Here's the question you clicked on:
zfleenor
(dy/dx) = (y-4)^2
\[(dy/dx) = (y - 4)^{2}\]
The problem can be written in the form x + f(y) = C
you're solving for the integral right?
like in the form x + f(y) = C
Try separating variables:\[\frac{ dy }{ dx }=(y-4)^2 \rightarrow \frac{ dy }{ (y-4)^2 }=dx \]\[\int\limits_{}^{}\frac{ dy }{ (y-4)^2 }=\int\limits_{}^{}dx +C\]\[-\frac{ 1}{ y-4 }=x+C\]Solve for y:\[\frac{ 1 }{ y-4 }=C-x\]\[y-4=\frac{ 1 }{ C-x }\]\[y=\frac{ 1 }{ C-x }+4\]Where C is a real constant.

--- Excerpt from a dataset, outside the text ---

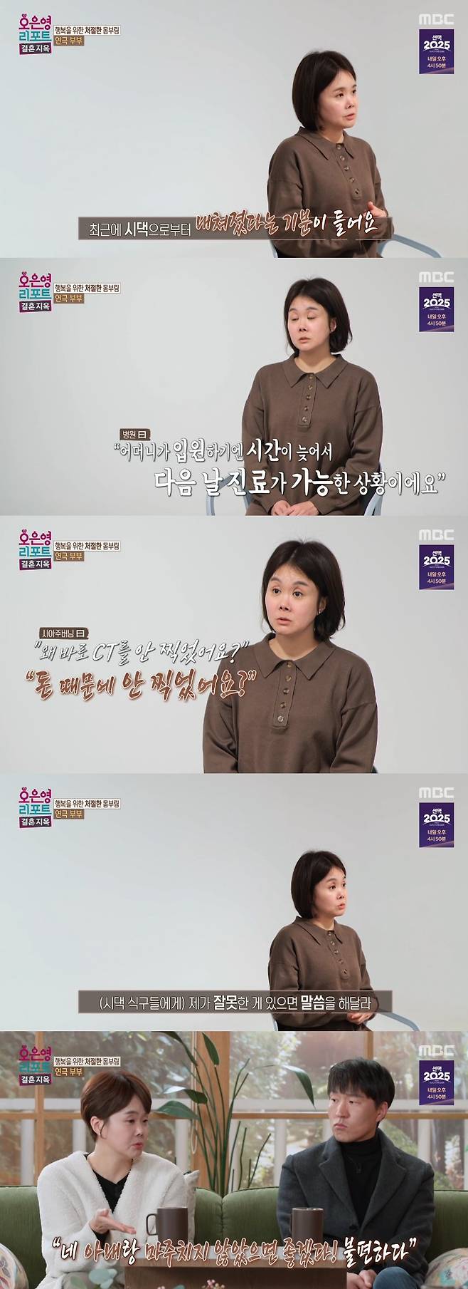 아내는 "결혼을 하고 2~3년 정도 있다가 시어머니께 연골이 파열되는 사고를 겪으셨다"며 이미 늦은 시간에 다음 날 진료받을 것을 권유받아 집으로 돌아와 시아주버님께 상황을 전했으나 '돈 때문에 안 찍었냐'는 말을 들었다고.

If you really want to rewrite it as \[x+f(y)=C\]in my calculation above, just before "solve for y" you could also write it as:\[x+-\frac{ 1 }{ y-4 }=C\]This means:\[f(y)=-\frac{ 1 }{ y-4 }\] In my view this is not an answer yet, because it is possible to get y as function of x, as you can see in the end of my calculation.